Cuban would listen if the Wilpons called

Dallas Mavericks owner Mark Cuban looks on during

Dallas Mavericks owner Mark Cuban looks on during the first quarter of an NBA basketball game against the New Jersey Nets. (Jan. 22, 2011) (Credit: AP)

Billionaire Mark Cuban said Wednesday that he might have some interest in buying the Mets, but he won't be the one to make the first move.

"For any baseball team, I'm not going to be the one to chase after it," the Dallas Mavericks' owner said before his team's game against the Knicks at Madison Square Garden. "If someone sees me as a potential owner, I will take their call and discuss the deal."

Cuban tried unsuccessfully to buy both the Texas Rangers and the Chicago Cubs, and he said that the process left a bad taste in his mouth.

"I'm not going to get in a bidding situation ever again," he said. "I'm not going to be in a situation where I make the proposal. I feel like I'd be a good team owner in baseball, but I'm not going to go through the same process I did with the Rangers and the Cubs."

In July of 2008, Cuban submitted a bid of $1.3 billion to buy the Cubs. Though he was invited to participate in a second round of bidding, he was not picked to participate in the final bidding process in January of 2009. Then, in August of 2010, an investment group led by Hall of Fame pitcher Nolan Ryan beat out a $600-million offer from Cuban in a contentious auction.

Cuban said that his interest in the team would depend on how big of a stake he could purchase.

"From my perspective, it would be very unlikely that I would choose to participate if they came to me with a minority stake unless there was a right to buy in the event of that opportunity."

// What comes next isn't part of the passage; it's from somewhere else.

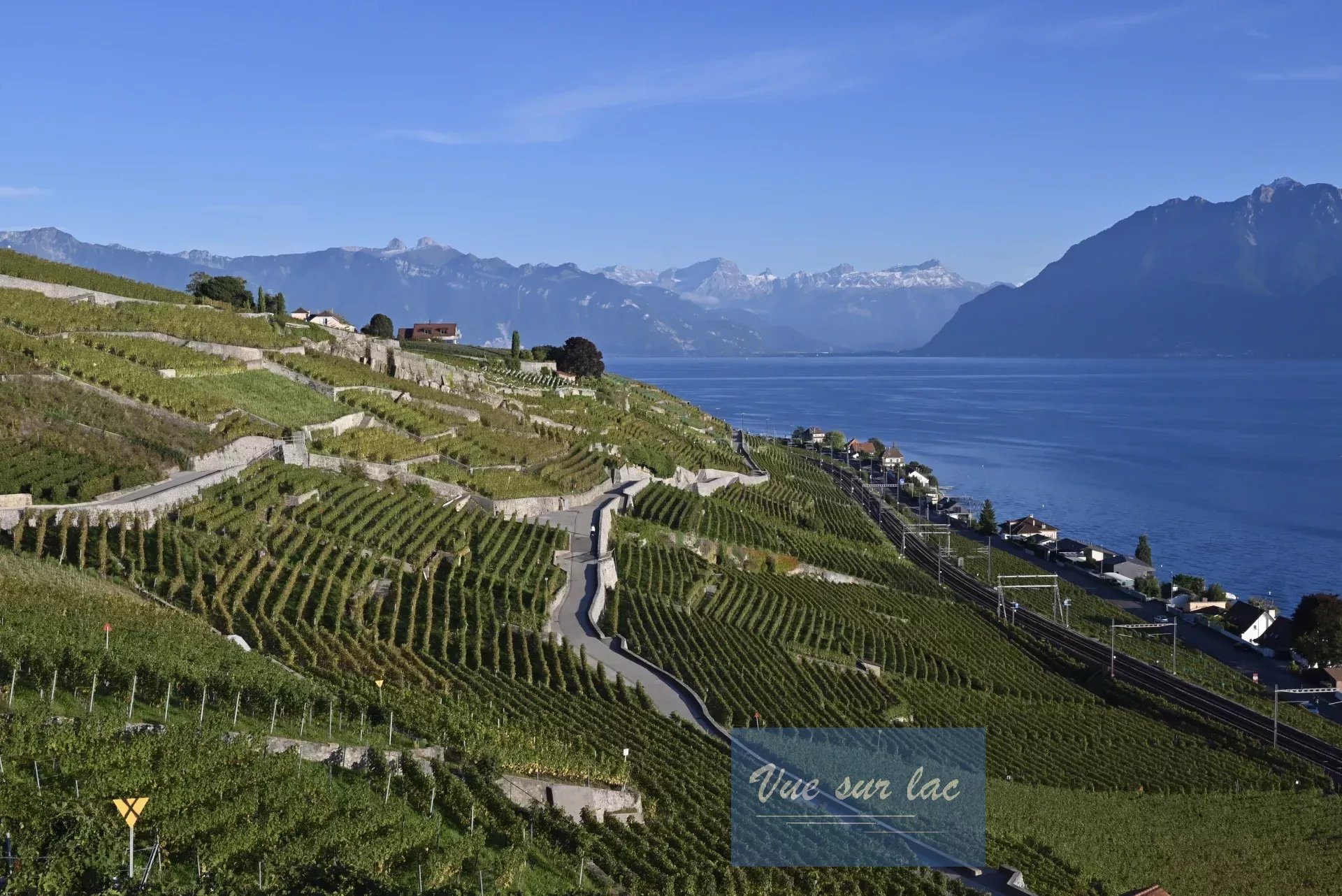Vue panoramique sur le lac, à 300m du bus, 900m de la gare, de l'entrée d'autoroute et des écoles. Une boulangerie, épicerie et Migros ouverte 7/7j , sont à proximité également.

Cuban said he doesn't know much about the particulars of the Mets' economic situation, but the team holds some appeal. The Wilpons announced last Friday that they are willing to sell 20 to 25 percent of the team to offset "uncertainty" created by the lawsuit brought forth by Irving Picard, the special trustee in the Bernard Madoff case.

There has been some conjecture that MLB owners might not be all that keen to welcome the outspoken Cuban into their club. Cuban said he did not think owning a baseball team was that different from owning a basketball team, adding that it was all entertainment.

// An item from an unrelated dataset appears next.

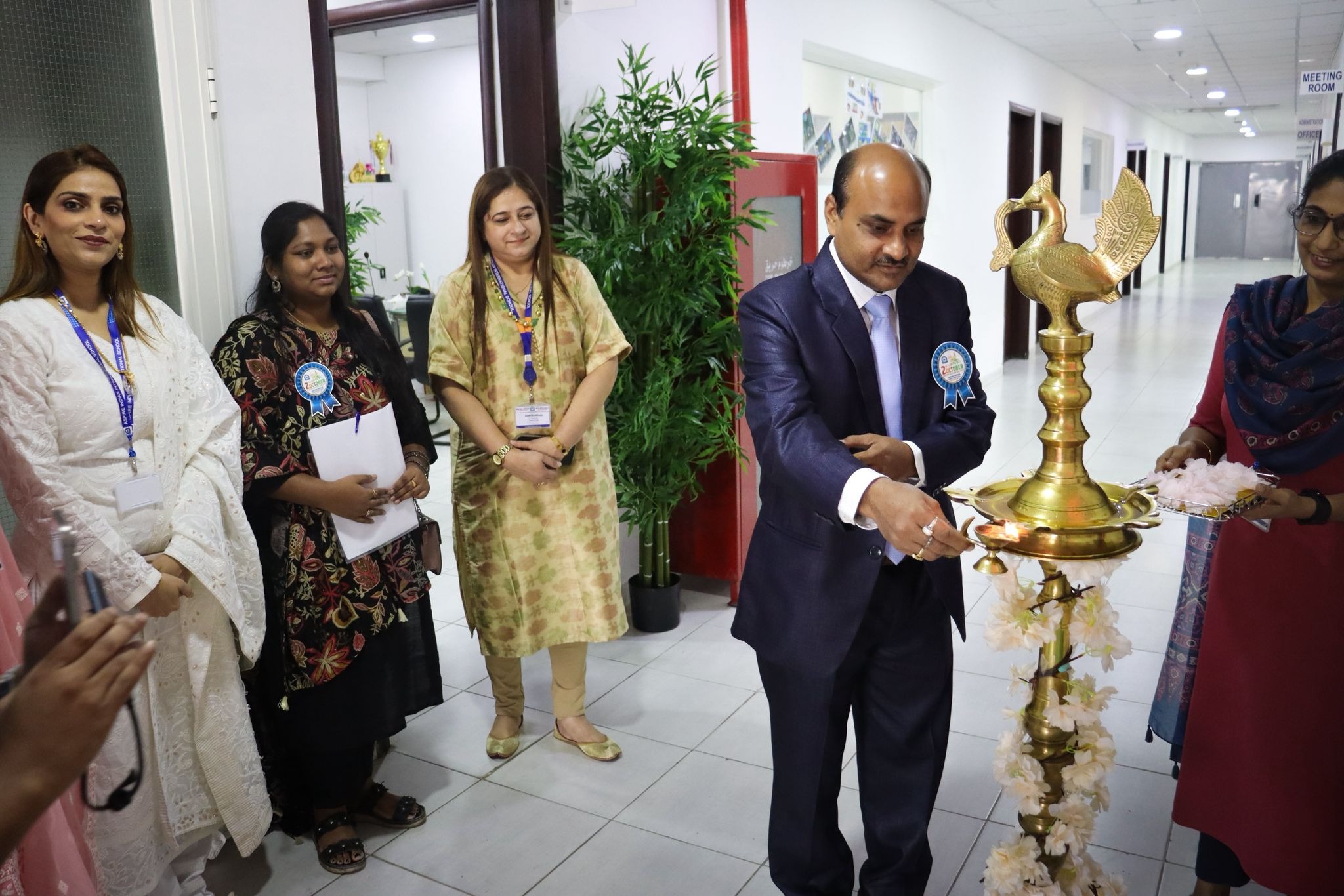 On the occasion of Gandhi Jayanthi, Embassy of India is having month long celebrations which has already begun. The Indian embassy officials gifted a significant collection of educational books to Aspire Indian International School. The gift which encompasses a diverse range of subjects and genres, aims to enhance the academic resources available to students and foster their intellectual development. Shri Baijanath Prasad, Second Secretary (Education, Culture, & Library) was welcomed warmly with a lamp lighting ceremony and visited the library, all the labs and classrooms. The presentation ceremony was attended by the Principal, Vice Principal, teachers, students and embassy representatives, highlighting the ongoing commitment to fostering educational collaboration and cultural exchange.

"I'm not going to chase it," he said.

In basketball news, Cuban sees the resurgence of the Knicks as something that is "good for the NBA."

"When I walk down the street, people don't scream at me 'buy the Knicks' anymore," he said. " . . . There are a lot of advertisers and sponsors in New York. If their first impression through their kids or whatever of the NBA is the Knicks stink, that doesn't help us. But if they say they're great, well that helps us and it's easier to sell the product."

Cuban owns an apartment in New York, and he clearly likes seeing the buzz of a winning team. He admitted that being a part of that buzz in New York makes the Mets appealing.

Said Cuban: "It's a great franchise in a great city. It's a great opportunity, but I'm not going to call their investment banker."